Directions:
For the material below, reproduce exactly each line from the one that has "Decorative Brass Floral" through the one that has "根据汽车行业数据与咨询服务提", and no others; pictures stay out.

+++ Records supplied

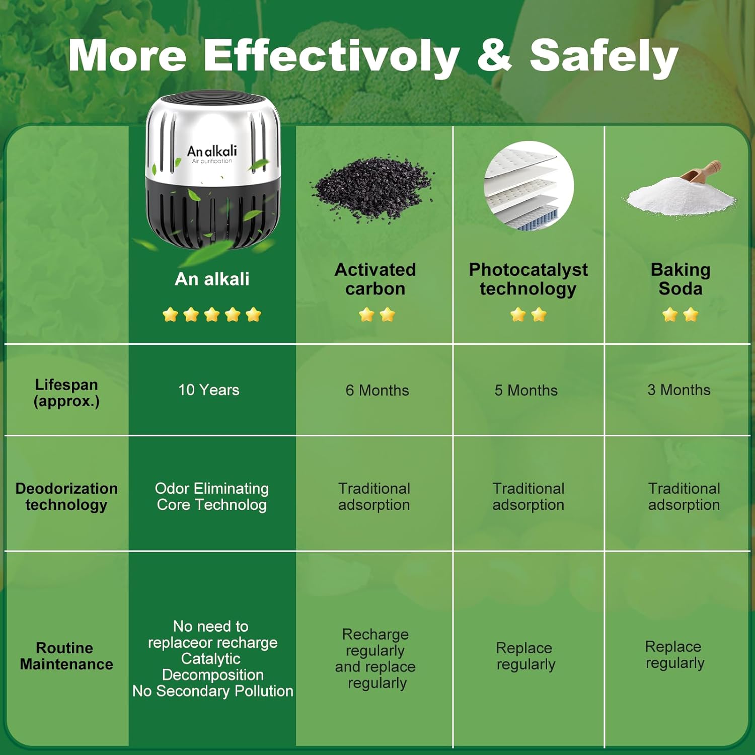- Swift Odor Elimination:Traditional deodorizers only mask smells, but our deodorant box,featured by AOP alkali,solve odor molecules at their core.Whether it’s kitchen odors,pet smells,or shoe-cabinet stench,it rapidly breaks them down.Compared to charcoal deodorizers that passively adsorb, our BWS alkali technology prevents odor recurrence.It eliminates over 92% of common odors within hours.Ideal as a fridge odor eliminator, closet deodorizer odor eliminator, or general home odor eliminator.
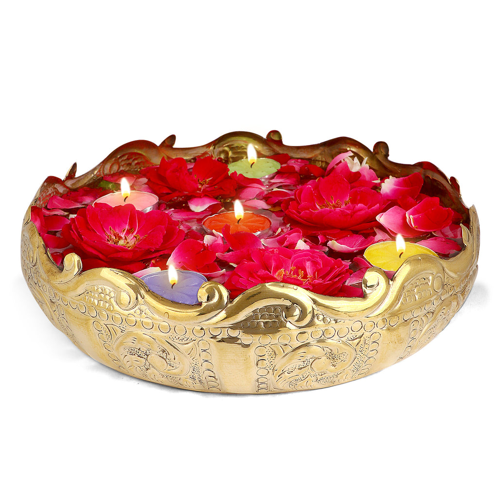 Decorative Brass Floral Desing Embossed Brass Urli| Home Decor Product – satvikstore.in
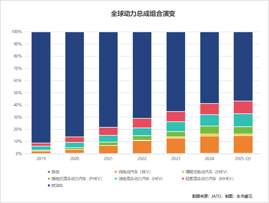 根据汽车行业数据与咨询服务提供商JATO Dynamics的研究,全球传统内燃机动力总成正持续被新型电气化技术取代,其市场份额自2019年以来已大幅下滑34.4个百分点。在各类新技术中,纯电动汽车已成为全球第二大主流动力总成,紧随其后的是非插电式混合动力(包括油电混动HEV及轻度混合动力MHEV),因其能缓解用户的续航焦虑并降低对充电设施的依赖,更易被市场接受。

++++++
+++ Records supplied

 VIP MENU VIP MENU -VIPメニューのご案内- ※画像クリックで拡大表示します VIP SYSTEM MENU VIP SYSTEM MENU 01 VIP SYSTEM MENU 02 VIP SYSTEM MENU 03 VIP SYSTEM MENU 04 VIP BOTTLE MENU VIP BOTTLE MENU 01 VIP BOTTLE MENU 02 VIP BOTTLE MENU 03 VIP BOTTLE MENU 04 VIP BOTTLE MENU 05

++++++

Result for this exercise:
 Decorative Brass Floral Desing Embossed Brass Urli| Home Decor Product – satvikstore.in
 根据汽车行业数据与咨询服务提供商JATO Dynamics的研究,全球传统内燃机动力总成正持续被新型电气化技术取代,其市场份额自2019年以来已大幅下滑34.4个百分点。在各类新技术中,纯电动汽车已成为全球第二大主流动力总成,紧随其后的是非插电式混合动力(包括油电混动HEV及轻度混合动力MHEV),因其能缓解用户的续航焦虑并降低对充电设施的依赖,更易被市场接受。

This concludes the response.